● **WORK ORDER**:
Leaving out all pictures, transcribe the lines below exactly, from the first through the line containing "The buildings sinking".

[INFORMATION PROVIDED Boundary: Start]

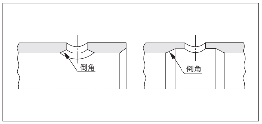 唇部直接通過油壓孔,請(qǐng)用一根圓棒(樹脂)輕輕推唇部。這樣可以防止孔的倒角部分損傷密封件的唇部。在缸筒上直接鉆油壓孔時(shí),請(qǐng)如下圖所示,做出倒角。
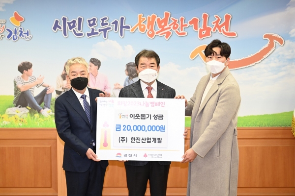 김충섭 김천시장은 “지역발전을 위해 나눔과 상생의 가치를 실현하는 김욱석 대표님 이하 한진산업개발 직원들에게 감사드린다”며 “한진산업개발의 소중한 뜻과 후원금을 잘 전달하여 더불어 살아가는 행복김천을 만들어 나가겠다”고 밝혔다.
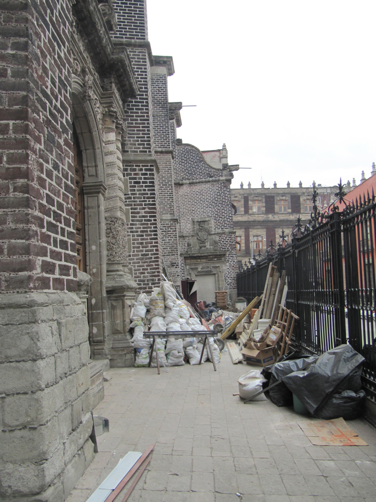 The buildings sinking into the ground can apparently pave the way for the avant garde. Take this old church, two blocks from the Zocalo. See how it’s sagging severely away from the street?
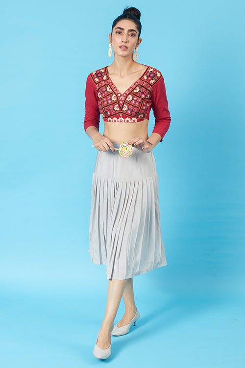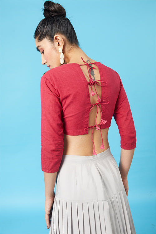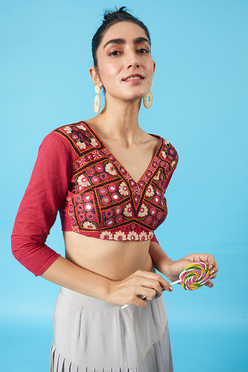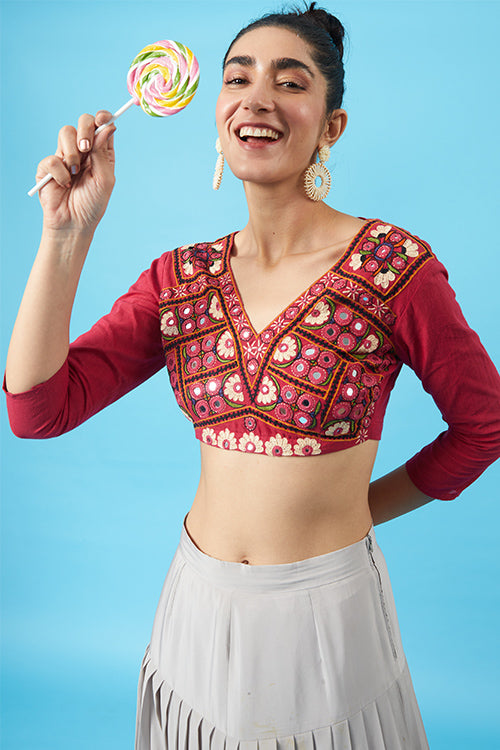 Cannot find the perfect blouse to pair with your lehenga? We’ve got you covered with our loveliest piece yet - it will absolutely make you want twirl like a ‘Princess’. Presenting ‘Princess’, an exquisite piece of wearable art to add to your wardrobe. Crafted on a rani pink pure cotton fabric, it’s a stunning combination of comfort and style. This 3/4th sleeve blouse is delicately decorated with vibrant embroidery known as the kutch embroidery all over the front. The embroidery includes chain, stem, satin, running stitch and shimmering mirrors to create a glamours look. What’s more is that the back comes with four strings that can be tied and further adorned with thread tassels at the end. To provide you with supreme comfort, this piece has been added with a self fabric lining underneath the front and back yoke to avoid irritation to your skin. You can style it in so many ways with different accessories and bottoms - the styles are endless. To create a contrasting summery look for a tradition, we would recommend you pair our ‘Princess’ blouse with our ‘Sultana’ skirt. Whatever you choose to pair it with, make sure you enjoy being a princess!

[INFORMATION PROVIDED Boundary: End]

● **RESPONSE BOX**:
 唇部直接通過油壓孔,請(qǐng)用一根圓棒(樹脂)輕輕推唇部。這樣可以防止孔的倒角部分損傷密封件的唇部。在缸筒上直接鉆油壓孔時(shí),請(qǐng)如下圖所示,做出倒角。
 김충섭 김천시장은 “지역발전을 위해 나눔과 상생의 가치를 실현하는 김욱석 대표님 이하 한진산업개발 직원들에게 감사드린다”며 “한진산업개발의 소중한 뜻과 후원금을 잘 전달하여 더불어 살아가는 행복김천을 만들어 나가겠다”고 밝혔다.
 The buildings sinking into the ground can apparently pave the way for the avant garde. Take this old church, two blocks from the Zocalo. See how it’s sagging severely away from the street?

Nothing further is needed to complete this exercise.